Nein. Gerade kleine und mittelständische Unternehmen können durch eine klare Positionierung von begrenzten Budgets profitieren, indem sie sich auf eine Nische konzentrieren (Für-Gründer.de).
Wie messe ich den Erfolg meiner Positionierung?
Erfolgskennzahlen sind: gesteigerter Markenbekanntheitsgrad, höhere Kundenbindung, Preissetzungsmacht und die Position im Vergleich zu Wettbewerbern in Umfragen (mfr Software Ratgeber).
Was ist der Unterschied zwischen Positionierung und Repositionierung?
Positionierung ist die erstmalige strategische Platzierung einer Marke. Repositionierung bedeutet die gezielte Neuausrichtung – etwa bei veränderten Marktbedingungen oder neuen Zielgruppen (Neue Werte).
Welche Tools helfen bei der Positionierungsanalyse?
Bewährte Tools sind: Positionierungskreuz (Preis/Qualität), SWOT-Analyse, Wettbewerbsmatrix nach Porter und Kundenbefragungen. Eine Wettbewerbsanalyse im digitalen Marketing liefert wertvolle Daten für die Positionierung. Ergänzend dazu bietet eine strategische Marktforschung fundierte Einblicke in Zielgruppen und Marktchancen.

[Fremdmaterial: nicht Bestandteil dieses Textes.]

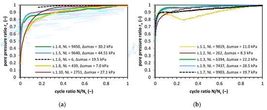 The pore pressure generation has the same characteristics, but Δumax is achieved in different cycles. The samples which generate their pore pressure over the longest time indicate slightly different behavior to other samples. The pore pressure generated in these samples to the ru is equal to around 0.9 in the first 1000 cycles and then increases in further cycles to 1.0. We can observe this behavior in tests, giving 1.1, 1.4, 1.5, and 1.7. The impact of Δumax on the number of cycles needed to reach the maximal pore pressure indicates that the higher the pore pressure that builds up, the greater the number of cycles needed to reach Δumax.

Die duale Bedeutung von Positionierung – als Marketingstrategie und als Pflegetechnik – ist mehr als eine sprachliche Kuriosität. Sie zwingt jeden, der den Begriff verwendet, zur Präzision. Für Marketingverantwortliche im deutschsprachigen Raum ist die klare Unterscheidung essenziell: Wer im Unternehmen über „Positionierung“ spricht, meint meist Markenpositionierung, aber ein pflegerischer Kontext kann zu Missverständnissen führen. Die Entscheidung, den Begriff konsequent zu definieren und in der internen Kommunikation zu schärfen, ist ein einfacher, aber wirkungsvoller Hebel für bessere Zusammenarbeit und stärkere Markenwahrnehmung.